Bangkok, Thailand: Recently for several weeks in the early morning I had been using a pedestrian overpass to cross over a large boulevard. At the far-end, squatting at the entrance to the down staircase, was a blind leper. He had only nubs for fingers and toes. The shirtless leper positioned himself there to request alms from the people crossing the overpass on their way to work. He held the palms of his disfigured hands together in the gesture of a respectful ‘wai’.
Each morning before crossing the overpass I would take a 20-baht note (60 cents) from my money-clip in my pants pocket and slip the note into my shirt pocket for easy retrieval. As I passed the leper I would drop the note into his cup cradled between his bent legs. Too often I would drop my note and hurry past not giving him or myself any sense of connection. Why? Somewhere hidden in a foolish place in my psyche I suspect that there is a fear of being contaminated – not with his leprosy – but his tragic luck.
Walking down the stairs I felt a faint sliver of contentment in having done some small charitable act.
One morning with my readied 20-baht note in-hand I walked the length of the overpass and down the stairs without encountering the leper. I repeated this exercise several times during the next two weeks and never again saw the man.
Thoughts that he was sick or had died persisted.

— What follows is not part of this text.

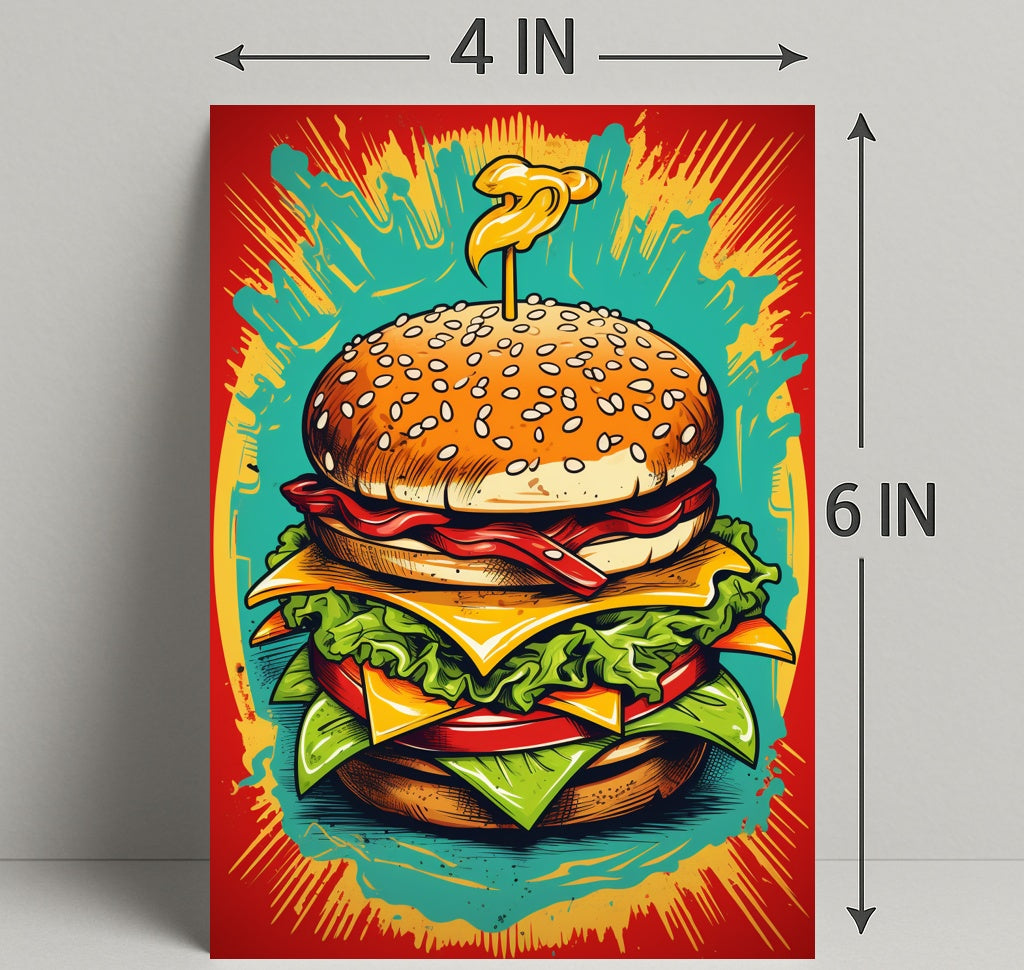 Showcase Piece: Large, detailed composition puts the burger front-and-center, creating a playful focal point that sparks conversation and appetite alike.

I wondered who was caring or cared for him. What are the circumstances when a blind beggar with leprosy dies? Is he simply discarded as if resolving an inconvenience? My thoughts included my sense of thankfulness for my own health and of my family members. They also included unanswerable questions about why some are selected for lives of misery and others’ lives of privilege and plenty. No epiphanies occurred – but a resounding confirmation of personal responsibility in acknowledging the privileges and contributing through service to those without.